Listen to the Reverend Edward Clayborn performing “This Time Another Year You May Be Gone”

28
Jun
13

throw away the key

cell door 1

A couple days ago, much to my surprise, I learned from another advocate that a young man who has become a cause celebre for the unfair imprisonment of youth is, in fact, a person who preys on other weaker prisoners, presumably sexually. His parents are in denial and this knowledge has bothered me more than I expected.

Has this young man, sentenced to an incredibly long term, simply accepted the dismal trajectory of his life and decided to play by the predator-or-prey rules of prison life and let it turn him to the “dark side?” No one will ever know if he entered prison an innocent, but now he is truly lost.

Throw away the key. He has made his decision. He is a predator now.

According to the Bureau of Justice Statistics:

  • During 2007, a total of 1,180,469 persons on parole were at-risk of reincarceration.  This includes persons under parole supervision on January 1 or those entering parole during the year. Of these parolees, about 16% were returned to incarceration in 2007.
  • Among nearly 300,000 prisoners released in 15 states in 1994, 67.5% were rearrested within 3 years. A study of prisoners released in 1983 estimated 62.5%.
  • Of the 272,111 persons released from prisons in 15 states in 1994, an estimated 67.5% were rearrested for a felony or serious misdemeanor within 3 years, 46.9% were reconvicted, and 25.4% resentenced to prison for a new crime.
  • These offenders had accumulated 4.1 million arrest charges before their most recent imprisonment and another 744,000 charges within 3 years of release.
  • Released prisoners with the highest rearrest rates were robbers (70.2%), burglars (74.0%), larcenists (74.6%), motor vehicle thieves (78.8%), those in prison for possessing or selling stolen property (77.4%), and those in prison for possessing, using, or selling illegal weapons (70.2%).
  • Within 3 years, 2.5% of released rapists were arrested for another rape, and 1.2% of those who had served time for homicide were arrested for homicide.

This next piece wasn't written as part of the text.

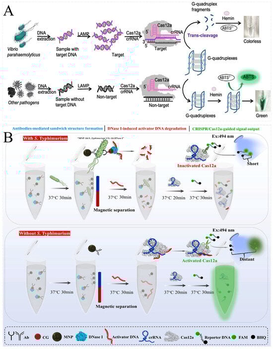 Principal diagram of foodborne pathogen detection by CRISPR/Cas-based nucleic acid biosensors. (A) Schematic illustration of the label-free colorimetric biosensor for the detection of Vibrio parahaemolyticus. In the presence of Vibrio parahaemolyticus, LAMP products combine with crRNA. The active Cas12a cleaves the G4 probe and is unable to catalyze a color change in ABTS2−. The positive and negative results can then be easily distinguished by the obvious color differences. Reprinted with permission from [87]. Copyright 2021 American Chemical Society. (B) Schematic illustration of the CATCHER for the detection of Salmonella Typhimurium. Once the “MNP-Ab/S. Typhimurium/CG-Ab-DNase I” is formed, DNase I converts activator DNA to invalid DNA fragments, resulting in the inactivation of Cas12a and the silencing of the signal output system. Reprinted with permission from [90]. Copyright 2022 Elsevier B.V.

prison key 3Our prisons are clearly a failure of both reform and deterrence. While reform of the prisons themselves and a return to a philosophy of reform, not punishment, are desirable goals, this is clearly outside our mission. Instead, we must concern ourselves with the more limited goal of ensuring that juvenile parricides, if convicted, are not transformed into criminals by the very system that is supposed to make our society better.

As always, I rely on the juvenile parricides themselves as my most trusted guides. They have been there and know. This is Derek King’s advice to any person who is unfortunate enough to find himself (or herself) in prison:

First, place all your faith and trust in God. There is no protection for you inside a prison except God. You are surrounded by “evil, cruel, and twisted” people, both inmates and guards. Trust no one. Pray and read the Bible. Trust in God and never forget He is your only reliable protection.

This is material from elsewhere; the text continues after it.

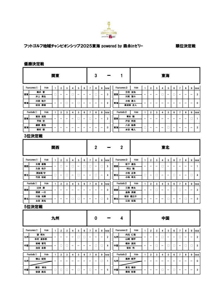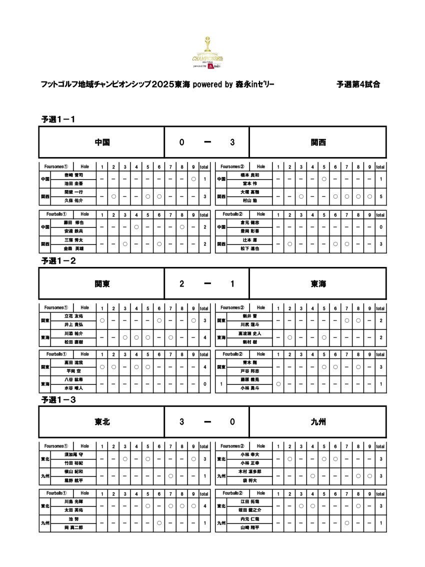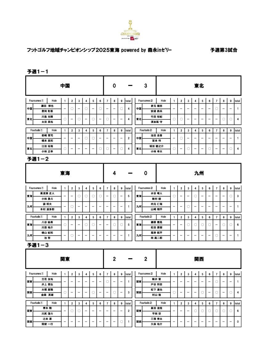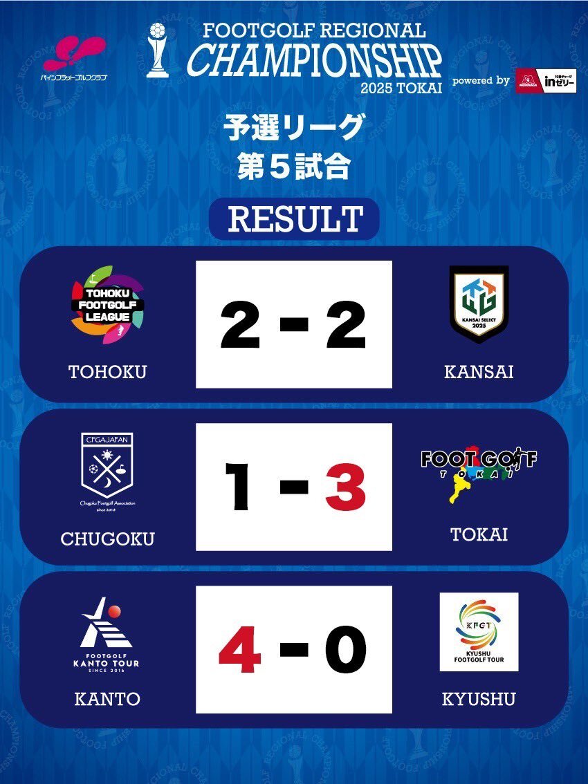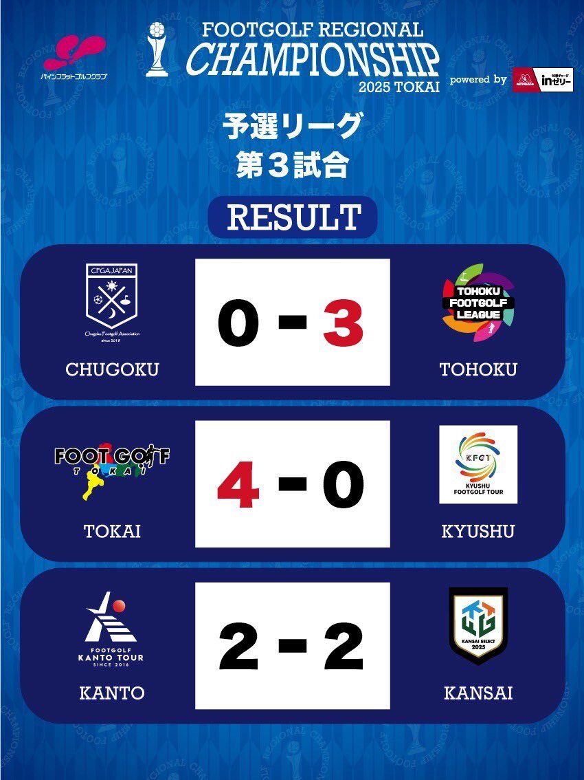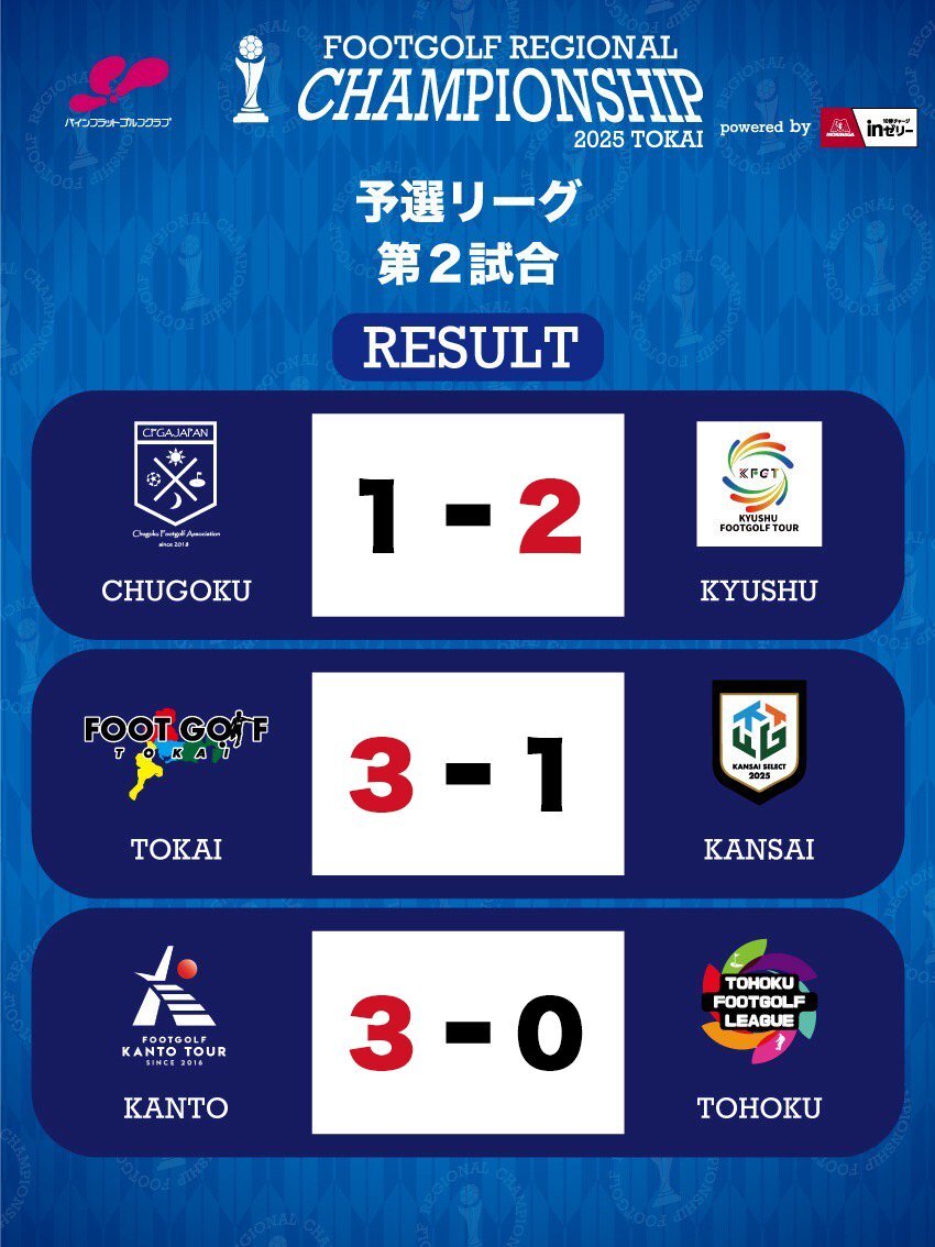 フットゴルフ地域チャンピオンシップ 東海 2025 powered by 森永 inゼリー ✅予選 第2試合 結果 中国 1 - 2 九州 東海 3 - 1 関西 関東 3 - 0 東北 #フットゴルフ

Second, depend on who you are and who is in your life and use everything you have—material, intellectual, spiritual—to get by and survive. You must be insightful, calculating, and clever. You can never afford to waste or squander any resources—services and favors performed or owed, money in your canteen account, books and pens and paper and postage stamps, food items, even contraband (but don’t get caught!), etc.—for these are the currency with which you will barter for your survival.

Third, always stand up for yourself and fight. Avoid conflict whenever and however you can, but never lay down, quit, or run. Even if you are smaller and sure to be beaten, it is better to take a beating than ever to fold. If you lay down once, you will always be seen as weak and will always be victimized. Even if you fight and lose, you can earn respect. Might, not right, is all that matters in prison. In prison, especially, life is not fair.

Fourth, you must avoid the evils of prison from ever rubbing off on you. You must learn to detach and make your own private internal world. Read books. Write letters. Create projects with goals for yourself. In this internal world you can be free, even in prison. In this internal world, you can be sane even if you are surrounded by crazy people. In this internal world you can find peace, even if events around you are flying apart.

Be strong. Never let down your guard. Rely on only yourself and your own judgments, and trust no one else but God.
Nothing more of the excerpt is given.